Thursday, December 31, 2015

#365




I did the math: Had B. been born on the same day as me, he’d have killed himself 24 days ago. I’ve outlived him by 3 weeks and 3 days and counting, assuming I make it through the night, which I have every reasonable expectation of doing. Not that this is a competition. It’s just that it’s New Year’s Eve, just past 9:30, one of those moments when you stop and assess. The upcoming year is filled with possibility, and life, and good work. I’m not famous yet, have a couple smaller prizes to my credit from pretty long ago, but nothing major, and a few things published. Small accomplishments, but they’re real and they matter to me. But my life is throbbing. I wouldn’t trade a minute of it for fame and an attenuating reputational immortality. But I’m as tired as Henry feels, having driven home today from a visit in Canada, after two nights of little sleep. But I don’t feel close to 900 years old.

I’m not old. I don’t abuse my body with drink, too much food, drugs, and I don’t abuse my psyche with behavior that drags it down and wears it out. I have friends who love me and a family who loves me, and I love them back and mean it. I’m learning how to work. There is so much more to come.

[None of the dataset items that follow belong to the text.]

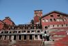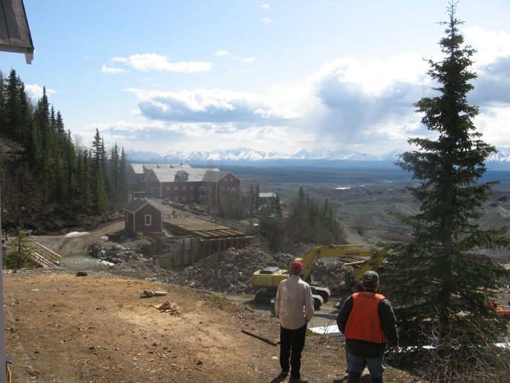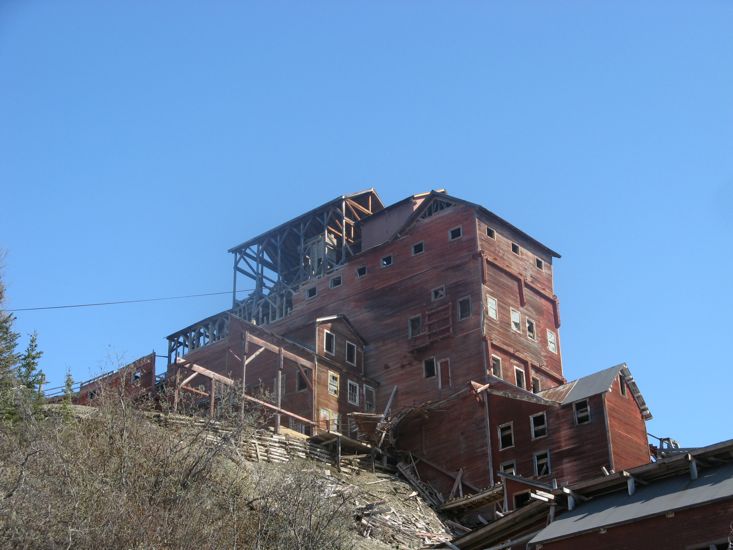 The town of Kennicott is situated atop the southern moraine wall of the Kennicott Glacier and was the site of processing plant for the Kennecott copper mine - note the spelling, the town and glacier are Kennicott the mine is Kennecott. The guide book says this is a result of a spelling error when registering the mine.
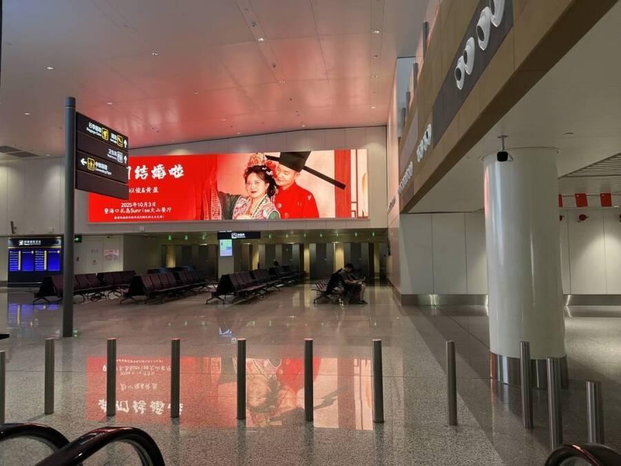 国庆期间,海口美兰机场88块屏幕连播8天新人结婚请柬,这波操作简直太秀了!新娘黄女士和丈夫彭先生的婚礼在10月3日圆满礼成,包屏发请柬是他俩共同的主意。黄女士是海南人,先生是广东人,亲友大多从美兰机场落地,他们希望亲友一出机场就能看到喜讯,还能在大屏下合影。而且这是机场首次承接婚礼邀请函投放业务,广告商给了划算套餐价。更绝的是,新人还在婚礼现场预留两桌宴,欢迎陌生宾客,称礼金无所谓,真心祝福就行。不得不说,这幸福广而告之的方式太有排面了!
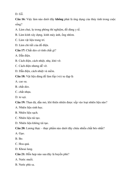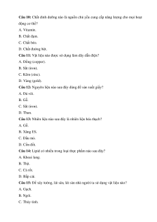 Câu 15: Để xây tường, lát sân, lát sàn nhà người ta sử dụng vật liệu nào? A. Gạch. B. Ngói. C. Thủy tinh.

I’m also bone-tired tonight for another reason, having donated a full year of conscientious attention to a talented major poet who pretty much admits in his work how and why he was such an abject failure as a human being. Sometimes he has felt like the proverbial drunken uncle in my year: It’s Thanksgiving, and at halftime of the Lions game, here come Uncle Filbert’s pronouncements on “the Negro question,” “limp-wristed queers,” “hot ladies,” and just lately the 2nd Amendment, a big fence on the border to keep them damn Mexicans out, and Islamic Sharia law. No sense arguing with him, just let him air his stuff then move on as nimbly as you can. You still love him, because you have to, but you do. Uncle Filbert is from Detroit, a big Lion’s fan with a runny tattoo of the team’s blue rampant lion logo on his upper arm. The Lions always lose on Thanksgiving, which you secretly count on, and which makes Uncle Filbert’s ignorant ideas somehow easier to swallow. He’s your mom’s half-brother, but Uncle Filbert is a loser and a fraud, and around ten years old is when you began to figure out what everybody else had always known all along. What B. figures is that while he’s actually a pretty accomplished and famous poet (he was) eventually he will be exposed as a life-fraud, à la Uncle Filbert. He was exactly that, though B. might have been surprised that it wasn’t such a secret. He certainly published the news in his work, if anyone pays attention. (Many still do.) That, and he had nightmares and he drank a lot and he imagined enemies out to get him. That’s what’s going on in this DS 365.

Wednesday, December 30, 2015

#364



[No online link available.]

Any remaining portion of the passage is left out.